→ To do: In the entries below, find the line with "65세 이상 지하철 무료 이용 완벽 가이드: 카드 발급부터 혜택까지!" and the line with "طقم ترامس زجاج". Return those two lines and all lines between them, exactly.

===== Available records

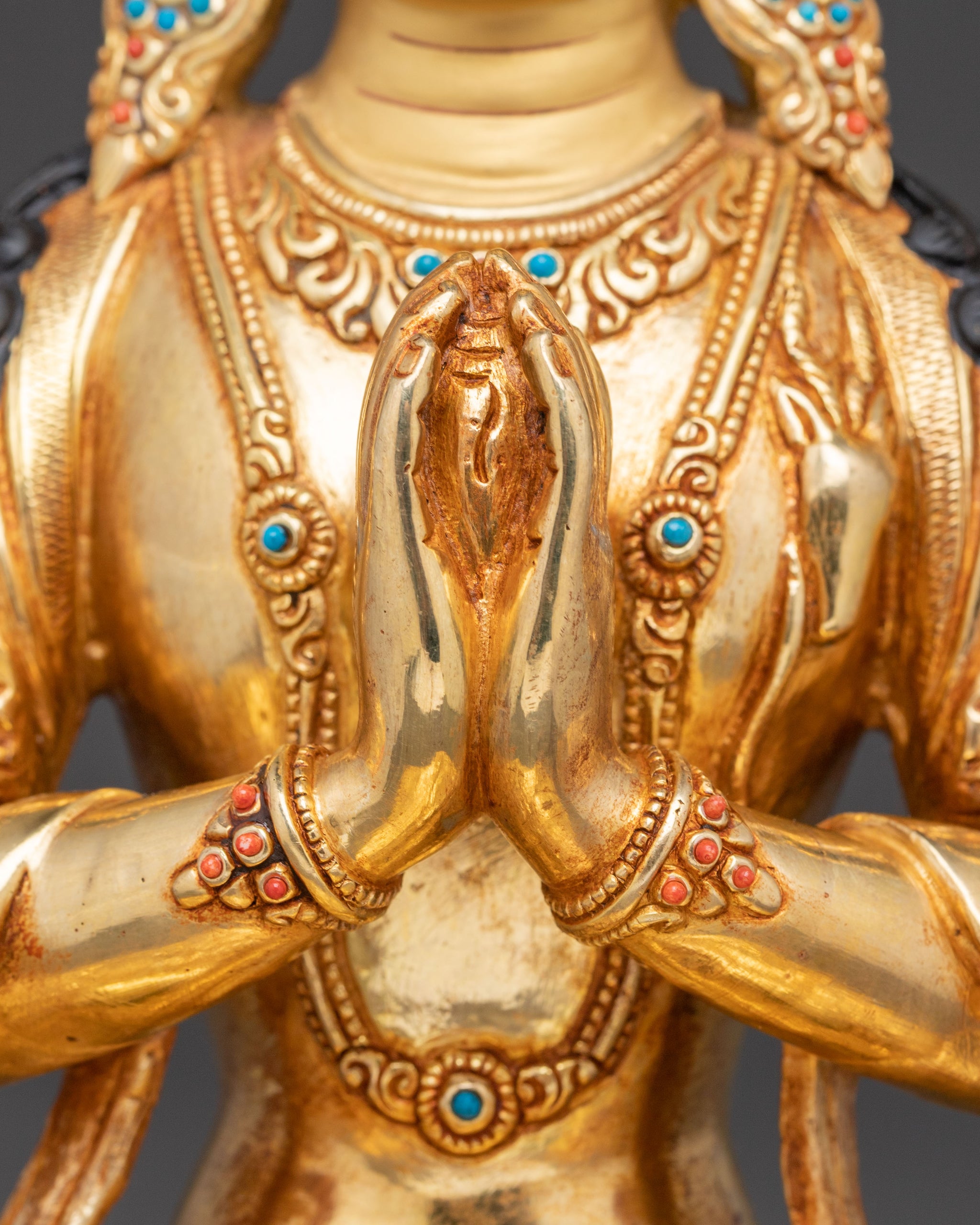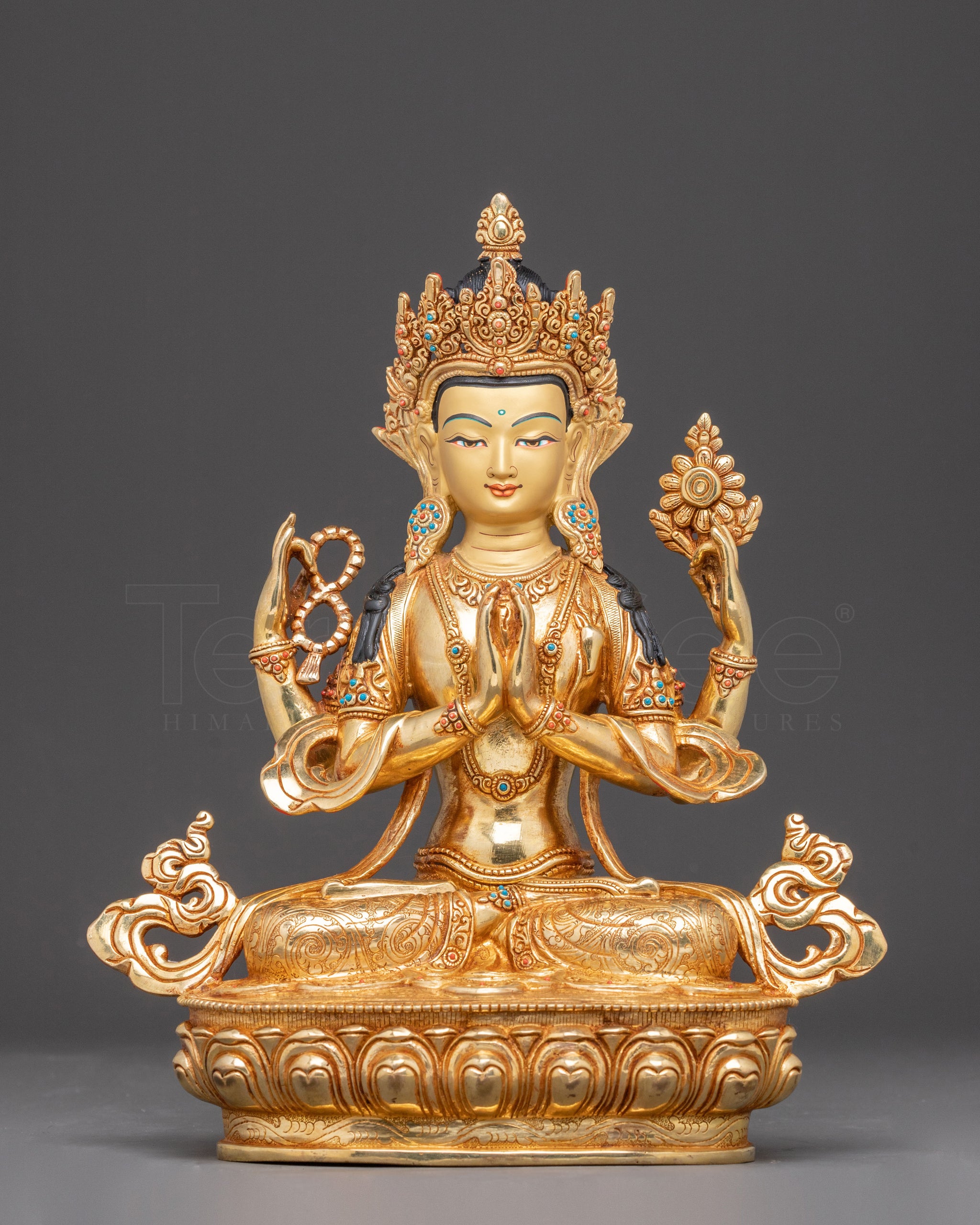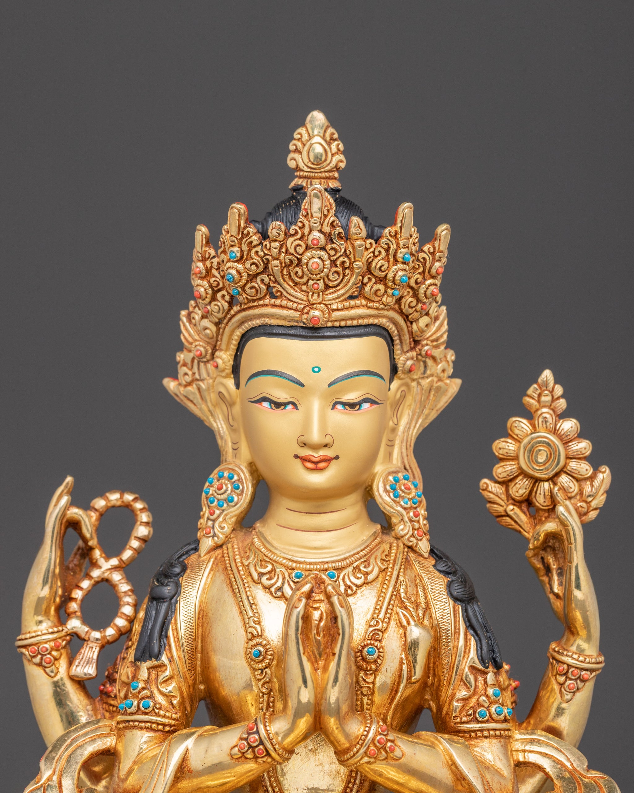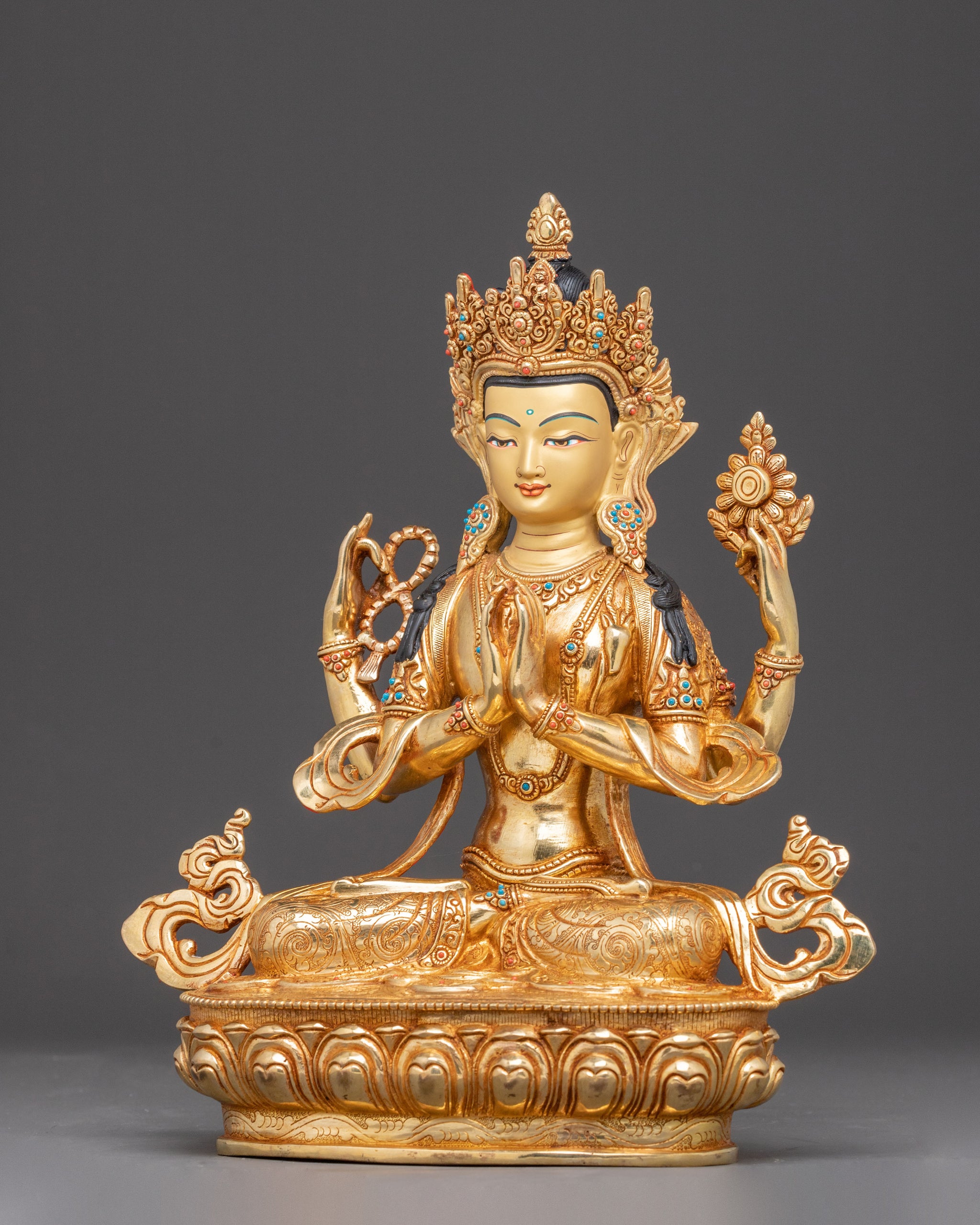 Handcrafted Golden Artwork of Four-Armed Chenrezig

==========
===== Available records

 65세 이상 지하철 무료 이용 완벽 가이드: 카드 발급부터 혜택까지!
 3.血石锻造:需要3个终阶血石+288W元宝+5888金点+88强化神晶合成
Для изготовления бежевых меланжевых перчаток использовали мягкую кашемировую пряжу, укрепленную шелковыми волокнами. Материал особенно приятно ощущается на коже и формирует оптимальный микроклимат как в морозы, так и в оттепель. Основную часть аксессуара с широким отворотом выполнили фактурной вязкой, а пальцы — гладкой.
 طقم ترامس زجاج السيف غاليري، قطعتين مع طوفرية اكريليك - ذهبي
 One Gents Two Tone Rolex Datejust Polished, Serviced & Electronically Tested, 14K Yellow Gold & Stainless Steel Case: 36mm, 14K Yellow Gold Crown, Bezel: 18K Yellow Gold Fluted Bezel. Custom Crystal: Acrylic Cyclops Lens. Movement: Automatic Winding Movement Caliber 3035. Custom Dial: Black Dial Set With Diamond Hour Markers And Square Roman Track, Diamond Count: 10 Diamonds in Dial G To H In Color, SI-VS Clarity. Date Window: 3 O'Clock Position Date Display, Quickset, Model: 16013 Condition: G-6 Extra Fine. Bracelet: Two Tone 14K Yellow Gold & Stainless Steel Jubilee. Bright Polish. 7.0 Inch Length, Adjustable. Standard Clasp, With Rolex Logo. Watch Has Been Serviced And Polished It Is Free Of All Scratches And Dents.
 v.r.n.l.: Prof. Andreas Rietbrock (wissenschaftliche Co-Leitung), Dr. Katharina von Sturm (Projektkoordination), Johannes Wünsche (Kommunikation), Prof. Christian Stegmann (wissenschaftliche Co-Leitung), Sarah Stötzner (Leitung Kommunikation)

==========
===== Available records

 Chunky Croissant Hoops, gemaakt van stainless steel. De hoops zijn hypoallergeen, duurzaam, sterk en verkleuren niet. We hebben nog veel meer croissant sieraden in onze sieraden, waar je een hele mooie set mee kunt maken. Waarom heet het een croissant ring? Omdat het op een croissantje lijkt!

==========

→ Exercise output:
 65세 이상 지하철 무료 이용 완벽 가이드: 카드 발급부터 혜택까지!
 3.血石锻造:需要3个终阶血石+288W元宝+5888金点+88强化神晶合成
Для изготовления бежевых меланжевых перчаток использовали мягкую кашемировую пряжу, укрепленную шелковыми волокнами. Материал особенно приятно ощущается на коже и формирует оптимальный микроклимат как в морозы, так и в оттепель. Основную часть аксессуара с широким отворотом выполнили фактурной вязкой, а пальцы — гладкой.
 طقم ترامس زجاج السيف غاليري، قطعتين مع طوفرية اكريليك - ذهبي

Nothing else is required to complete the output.